___ LISTED ENTRIES

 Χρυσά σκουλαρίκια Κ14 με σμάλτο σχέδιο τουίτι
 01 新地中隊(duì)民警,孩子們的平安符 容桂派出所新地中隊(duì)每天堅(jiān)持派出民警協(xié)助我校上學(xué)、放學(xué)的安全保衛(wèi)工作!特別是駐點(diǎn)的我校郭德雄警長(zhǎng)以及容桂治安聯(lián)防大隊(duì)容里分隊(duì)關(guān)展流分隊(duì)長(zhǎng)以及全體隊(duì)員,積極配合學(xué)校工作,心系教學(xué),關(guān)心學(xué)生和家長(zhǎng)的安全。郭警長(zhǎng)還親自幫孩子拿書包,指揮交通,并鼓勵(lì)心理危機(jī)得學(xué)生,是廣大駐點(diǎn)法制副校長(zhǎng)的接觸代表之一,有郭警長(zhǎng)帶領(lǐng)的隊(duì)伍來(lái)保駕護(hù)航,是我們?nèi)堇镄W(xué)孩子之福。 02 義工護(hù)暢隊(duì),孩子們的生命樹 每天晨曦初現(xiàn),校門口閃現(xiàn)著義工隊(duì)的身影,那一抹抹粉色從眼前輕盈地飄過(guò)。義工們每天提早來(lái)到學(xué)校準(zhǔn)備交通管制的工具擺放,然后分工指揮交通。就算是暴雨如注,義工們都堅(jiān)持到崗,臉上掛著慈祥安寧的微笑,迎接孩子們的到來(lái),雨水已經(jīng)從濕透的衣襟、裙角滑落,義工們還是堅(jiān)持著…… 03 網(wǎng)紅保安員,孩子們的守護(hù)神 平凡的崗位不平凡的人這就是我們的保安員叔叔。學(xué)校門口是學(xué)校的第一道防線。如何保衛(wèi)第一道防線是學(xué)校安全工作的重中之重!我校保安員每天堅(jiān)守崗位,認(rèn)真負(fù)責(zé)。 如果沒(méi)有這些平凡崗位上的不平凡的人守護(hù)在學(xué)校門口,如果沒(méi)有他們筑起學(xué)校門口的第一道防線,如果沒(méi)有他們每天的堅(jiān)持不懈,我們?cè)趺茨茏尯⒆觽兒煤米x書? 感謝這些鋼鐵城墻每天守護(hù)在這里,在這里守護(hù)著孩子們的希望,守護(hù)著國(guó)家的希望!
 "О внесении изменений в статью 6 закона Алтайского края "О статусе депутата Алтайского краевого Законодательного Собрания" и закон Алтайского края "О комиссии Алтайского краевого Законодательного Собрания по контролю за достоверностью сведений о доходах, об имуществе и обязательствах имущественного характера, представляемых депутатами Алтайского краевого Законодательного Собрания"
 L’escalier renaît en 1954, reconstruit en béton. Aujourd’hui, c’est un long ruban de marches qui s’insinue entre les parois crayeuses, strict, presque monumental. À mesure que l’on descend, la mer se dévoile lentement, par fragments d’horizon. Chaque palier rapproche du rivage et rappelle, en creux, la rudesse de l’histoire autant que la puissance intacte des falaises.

______
___ LISTED ENTRIES

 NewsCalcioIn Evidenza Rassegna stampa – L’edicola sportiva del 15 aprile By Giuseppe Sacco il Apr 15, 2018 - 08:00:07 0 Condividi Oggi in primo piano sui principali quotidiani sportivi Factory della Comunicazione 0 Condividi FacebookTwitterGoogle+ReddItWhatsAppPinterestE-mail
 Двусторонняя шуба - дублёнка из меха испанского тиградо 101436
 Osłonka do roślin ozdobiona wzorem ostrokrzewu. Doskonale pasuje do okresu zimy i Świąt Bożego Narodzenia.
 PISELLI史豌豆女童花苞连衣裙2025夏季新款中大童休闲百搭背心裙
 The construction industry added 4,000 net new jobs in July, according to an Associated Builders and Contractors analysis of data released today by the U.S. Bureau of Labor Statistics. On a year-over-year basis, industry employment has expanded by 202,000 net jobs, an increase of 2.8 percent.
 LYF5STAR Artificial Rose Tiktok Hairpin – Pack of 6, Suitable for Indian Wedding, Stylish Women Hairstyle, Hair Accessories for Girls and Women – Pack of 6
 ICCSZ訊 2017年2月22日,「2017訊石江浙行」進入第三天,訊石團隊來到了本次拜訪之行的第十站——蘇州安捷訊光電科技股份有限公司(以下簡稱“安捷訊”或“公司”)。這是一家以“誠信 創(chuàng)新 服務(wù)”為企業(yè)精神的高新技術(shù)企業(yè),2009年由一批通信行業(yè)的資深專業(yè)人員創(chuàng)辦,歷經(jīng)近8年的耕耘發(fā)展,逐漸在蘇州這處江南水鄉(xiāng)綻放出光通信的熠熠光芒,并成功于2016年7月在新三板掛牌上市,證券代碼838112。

______

*TASK OBJECTIVE*.
Given the data above, transcribe exactly the lines from the one containing "Χρυσά σκουλαρίκια Κ14" down to the one containing "внесении изменений в", and no others.

*RESULT FOR THIS EXERCISE*.
 Χρυσά σκουλαρίκια Κ14 με σμάλτο σχέδιο τουίτι
 01 新地中隊(duì)民警,孩子們的平安符 容桂派出所新地中隊(duì)每天堅(jiān)持派出民警協(xié)助我校上學(xué)、放學(xué)的安全保衛(wèi)工作!特別是駐點(diǎn)的我校郭德雄警長(zhǎng)以及容桂治安聯(lián)防大隊(duì)容里分隊(duì)關(guān)展流分隊(duì)長(zhǎng)以及全體隊(duì)員,積極配合學(xué)校工作,心系教學(xué),關(guān)心學(xué)生和家長(zhǎng)的安全。郭警長(zhǎng)還親自幫孩子拿書包,指揮交通,并鼓勵(lì)心理危機(jī)得學(xué)生,是廣大駐點(diǎn)法制副校長(zhǎng)的接觸代表之一,有郭警長(zhǎng)帶領(lǐng)的隊(duì)伍來(lái)保駕護(hù)航,是我們?nèi)堇镄W(xué)孩子之福。 02 義工護(hù)暢隊(duì),孩子們的生命樹 每天晨曦初現(xiàn),校門口閃現(xiàn)著義工隊(duì)的身影,那一抹抹粉色從眼前輕盈地飄過(guò)。義工們每天提早來(lái)到學(xué)校準(zhǔn)備交通管制的工具擺放,然后分工指揮交通。就算是暴雨如注,義工們都堅(jiān)持到崗,臉上掛著慈祥安寧的微笑,迎接孩子們的到來(lái),雨水已經(jīng)從濕透的衣襟、裙角滑落,義工們還是堅(jiān)持著…… 03 網(wǎng)紅保安員,孩子們的守護(hù)神 平凡的崗位不平凡的人這就是我們的保安員叔叔。學(xué)校門口是學(xué)校的第一道防線。如何保衛(wèi)第一道防線是學(xué)校安全工作的重中之重!我校保安員每天堅(jiān)守崗位,認(rèn)真負(fù)責(zé)。 如果沒(méi)有這些平凡崗位上的不平凡的人守護(hù)在學(xué)校門口,如果沒(méi)有他們筑起學(xué)校門口的第一道防線,如果沒(méi)有他們每天的堅(jiān)持不懈,我們?cè)趺茨茏尯⒆觽兒煤米x書? 感謝這些鋼鐵城墻每天守護(hù)在這里,在這里守護(hù)著孩子們的希望,守護(hù)著國(guó)家的希望!
 "О внесении изменений в статью 6 закона Алтайского края "О статусе депутата Алтайского краевого Законодательного Собрания" и закон Алтайского края "О комиссии Алтайского краевого Законодательного Собрания по контролю за достоверностью сведений о доходах, об имуществе и обязательствах имущественного характера, представляемых депутатами Алтайского краевого Законодательного Собрания"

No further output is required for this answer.